**DATASET CONTENT:**
**********

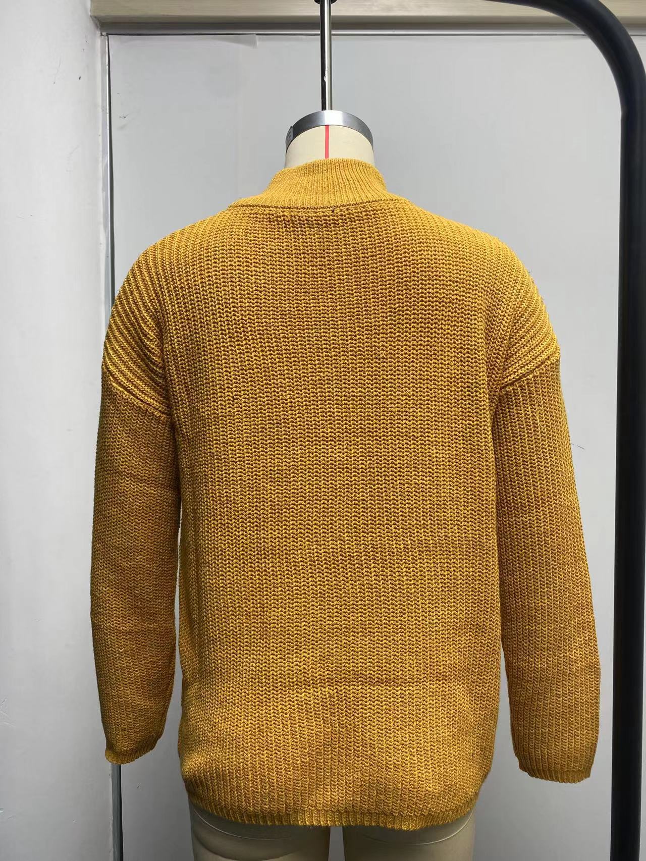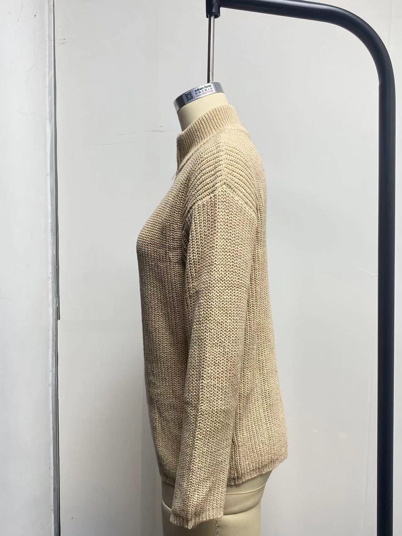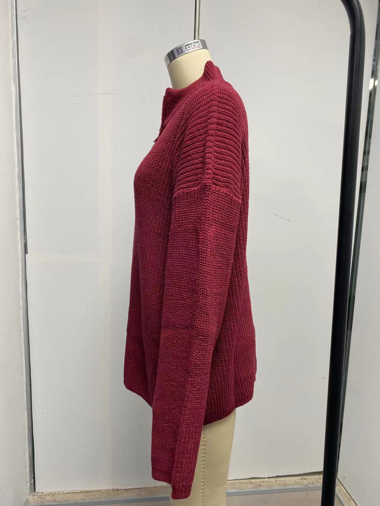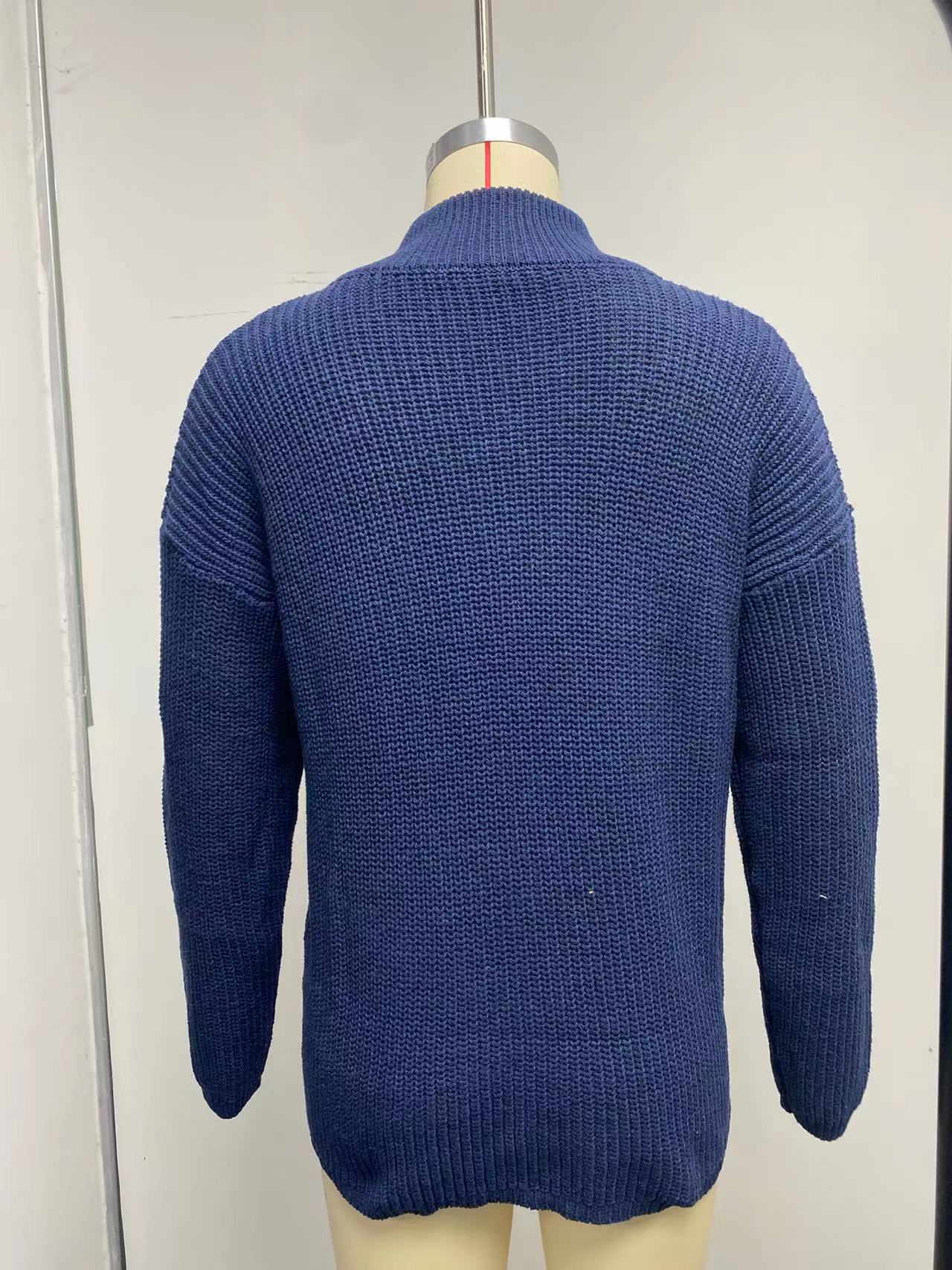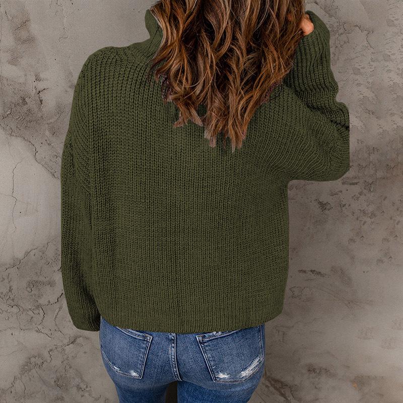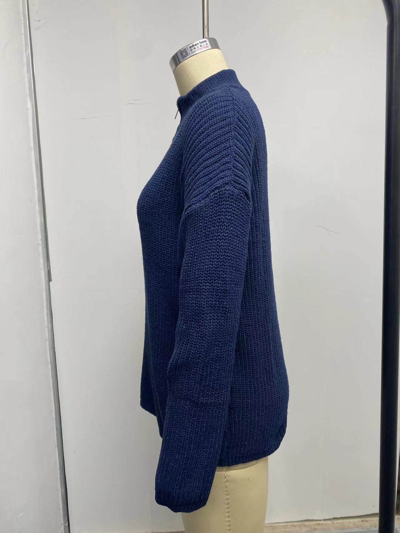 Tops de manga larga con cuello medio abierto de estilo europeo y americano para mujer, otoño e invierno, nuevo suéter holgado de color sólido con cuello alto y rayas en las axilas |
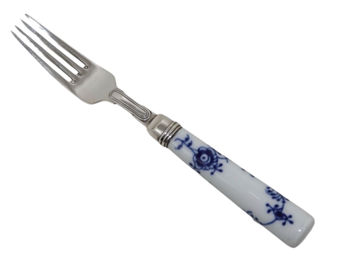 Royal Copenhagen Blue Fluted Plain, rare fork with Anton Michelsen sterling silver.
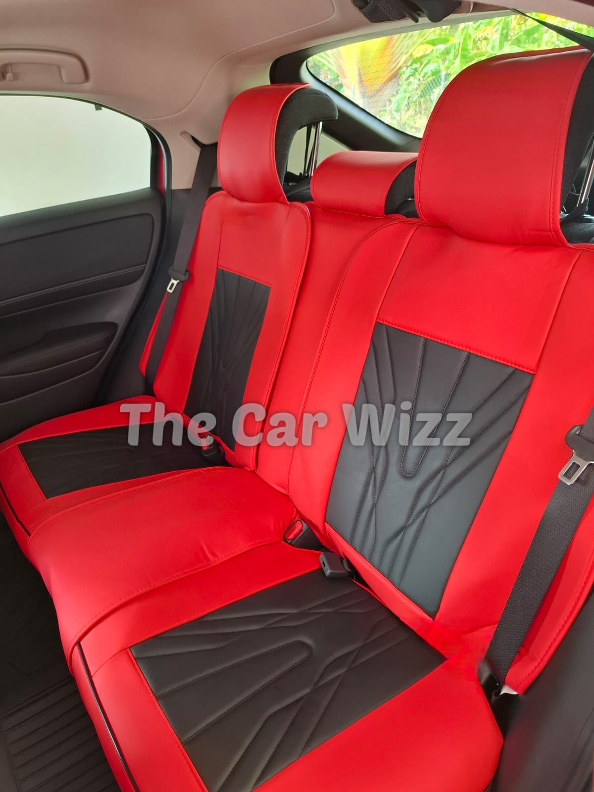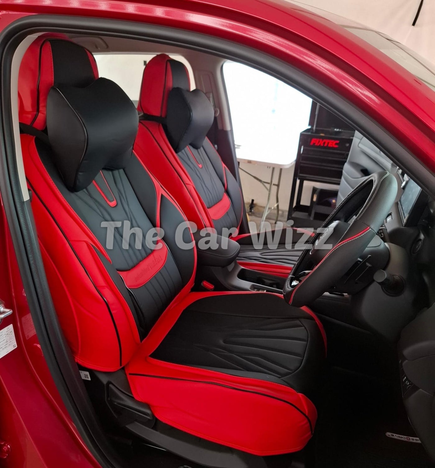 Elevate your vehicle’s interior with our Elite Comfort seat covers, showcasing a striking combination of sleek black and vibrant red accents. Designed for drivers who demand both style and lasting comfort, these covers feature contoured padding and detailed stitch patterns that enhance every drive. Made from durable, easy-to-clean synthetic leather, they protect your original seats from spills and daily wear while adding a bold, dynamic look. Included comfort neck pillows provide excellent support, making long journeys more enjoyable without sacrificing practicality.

**********

**EXERCISE BRIEF:** Would you please set down the listing above exactly, minus its images?

**ANSWER TO THE PROBLEM:**
 Tops de manga larga con cuello medio abierto de estilo europeo y americano para mujer, otoño e invierno, nuevo suéter holgado de color sólido con cuello alto y rayas en las axilas |
 Royal Copenhagen Blue Fluted Plain, rare fork with Anton Michelsen sterling silver.
 Elevate your vehicle’s interior with our Elite Comfort seat covers, showcasing a striking combination of sleek black and vibrant red accents. Designed for drivers who demand both style and lasting comfort, these covers feature contoured padding and detailed stitch patterns that enhance every drive. Made from durable, easy-to-clean synthetic leather, they protect your original seats from spills and daily wear while adding a bold, dynamic look. Included comfort neck pillows provide excellent support, making long journeys more enjoyable without sacrificing practicality.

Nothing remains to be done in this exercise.